Sieben Storchenküken im Zoo Zürich sind dem nasskalten Maiwetter zum Opfer gefallen. Das sind weit weniger, als die Zooverantwortlichen befürchtet hatten. Jetzt sind die Kleinen gross genug, um dem Wetter zu trotzen.

Bis die Jungstörche flügge sind, dauert es zwar noch ein Weilchen. Schlechtes Wetter ist für sie jetzt aber nicht mehr lebensgefährlich.

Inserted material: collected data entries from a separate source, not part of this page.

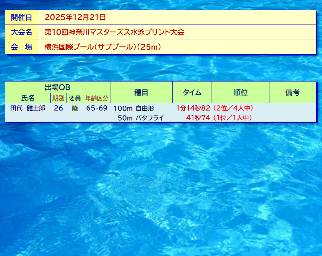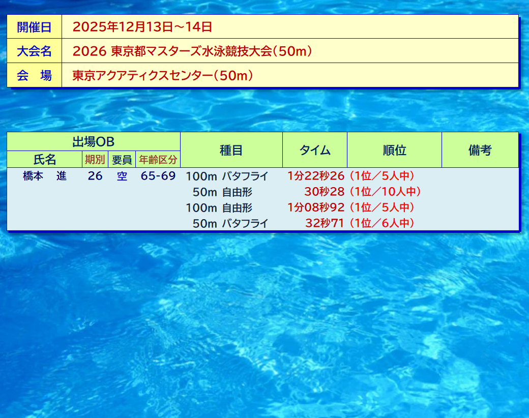 | 12/13~14 | 2025年度 東京都マスターズ水泳競技大会(50m) |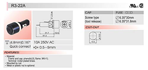 Topteng SCI R3-22 - Supporto per fusibili in vetro 6 x 30 mm, 10 A, 250 V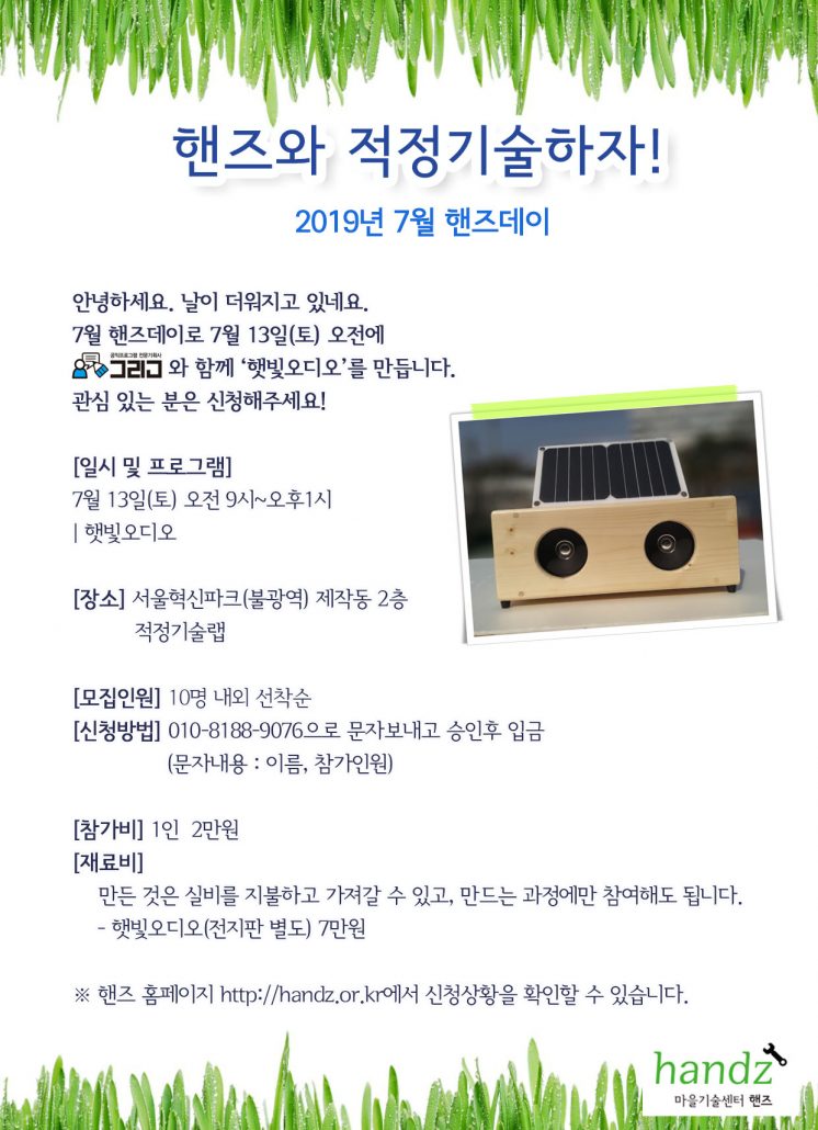7월 핸즈데이 : 햇빛오디오 [마감] handzat / 2019-06-24 안녕하세요. 7월 핸즈데이를 진행합니다. 요청이 있어 <햇빛오디오>를 만드니 관심있는 분은 신청해주세요! ************ <신청내역> 7월 11일 현재 [마감] – 박*엽 외 2명, 백*성 외 1명, 김*란, 고*영 외 1명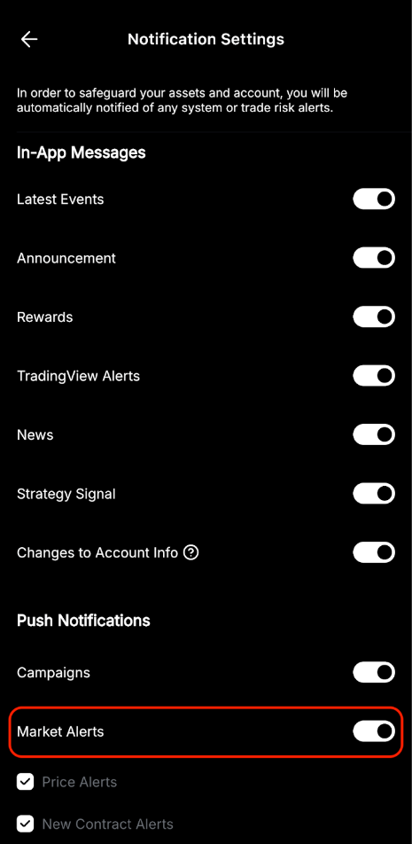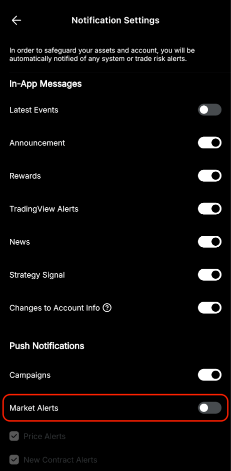 アプリからBybitのマーケットアラートをオフにするにはどうすればよいですか?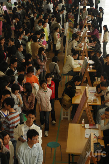 当天,招聘会场面十分火爆,除了由我院2009届毕业生唱主角外,还吸引了众多非应届毕业生和来自福州、泉州、厦门等地高校的毕业生。一位在现场组织工作的老师表示,今年前来参加的毕业生可能比去年多了一倍。与往年一样,知名企业仍吸引大量毕业生的关注,许多知名企业的招聘摊位前排着长长的“人龙”。而一些新兴企业也不甘示弱,他们主动出击,直接在招聘会现场散发公司材料,并主动与毕业生交流,希望借此机会吸纳优秀的人才。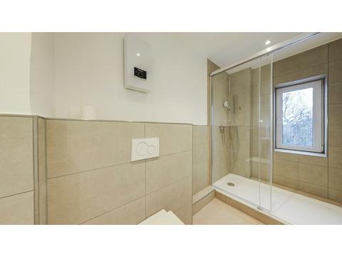 Das Badezimmer wurde komplett neu ausgestattet und bietet eine bodengleiche, begehbare Dusche mit Glasabtrennung, hochwertige Armaturen, ein Fenster für Tageslicht und Belüftung sowie moderne Sanitärkeramik in dezentem Design.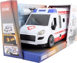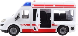 Model jest zasilany 3× AG13 (w zestawie) i oferuje cztery tryby dźwiękowe – syrena, klakson, uruchamianie silnika i melodia. Otwierane drzwi po stronie kierowcy i z tyłu ułatwiają załadunek „pacjentów” na nosze oraz dostęp do kabiny.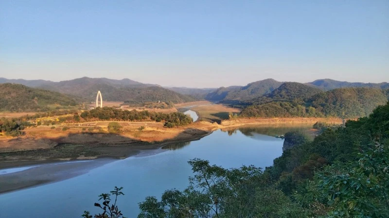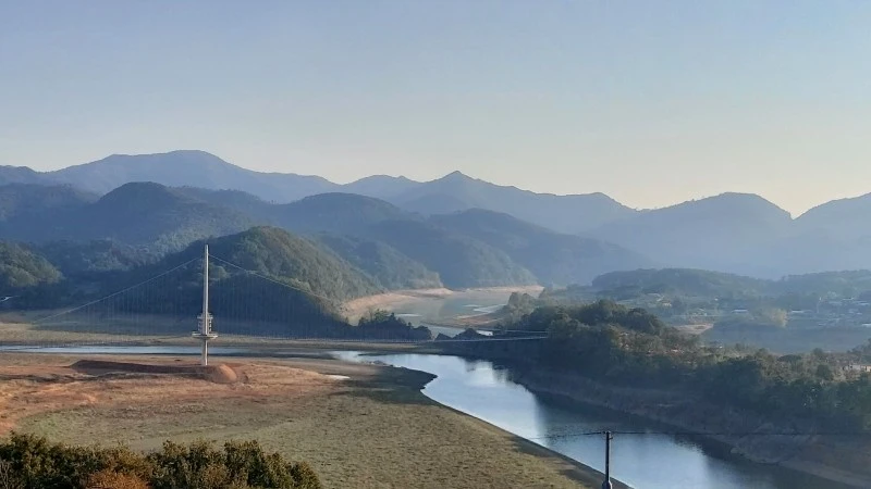 이 붕어섬에 길이 420m, 폭 1.5m의 출렁다리가 완공되어 10월 22일부터 관광객에게 개방된다고 해요. 2022년 2월에 붕어섬을 코앞에 둔 양요정이 있는 요산공원을 방문했을 때, 공원과 붕어섬을 잇는 공사를 하고 있더라구요. 알고 보니, 출렁다리와 짚라인을 만드는 중이었어요. 출렁다리가 이어지면 붕어섬까지 걸어서 갈 수 있어 좋겠구나 하는 기대와 옥정호와 섬진강 생태계에 악영향을 미치지 않을까 하는 걱정이 동시에 들었어요.

Bis die Jungstörche flügge sind, dauert es zwar noch ein Weilchen. Schlechtes Wetter ist für sie jetzt aber nicht mehr lebensgefährlich.
Keystone

Vor zwei Wochen hatte Zoo-Kurator Robert Zingg befürchtet, das garstige Wetter könnte viele Storchenküken das Leben kosten. Sie seien nämlich zu gross, als dass die Eltern sie vollständig decken könnten, zu klein aber, um sich selber warm halten zu können. Am Dienstag kam nun die Entwarnung: "Sicher mehr als 30 Junge" haben in den 17 Nestern überlebt, sagte Kurator Samuel Furrer auf Anfrage der Nachrichtenagentur sda. Am Freitag nach Auffahrt sei es schlimm gewesen: Sieben tote Küken an einem Tag habe man gezählt. Angesichts der Wetterprognosen sei man sehr pessimistisch gewesen, sagte Furrer. Und dies nicht ohne Grund: Im nasskalten Spätfrühling 2013 hatte von mehr als 30 gerade ein einziges Junges überlebt. Es kam dann aber nicht so arg. "Pfingsten war besser als erwartet", so Furrer. Und zwischen den Regentagen habe es auch immer wieder trockene Phasen gegeben. Dies rettete die kleinen Störche. Jetzt seien sie gross genug, um sich selbst warm zu halten, sagte Furrer. Noch immer aber sitzen sie hilflos in den Nestern: Es dürfte noch zwei, drei Wochen dauern, bis sie flügge werden. Die Störche im Zoo Zürich leben freiwillig hier. Manche bleiben den Winter über, andere ziehen in den Süden. Manche kommen zurück, wenn sie geschlechtsreif sind, und richten sich im Zoo oder in der Umgebung ein, um ihre Jungen aufzuziehen.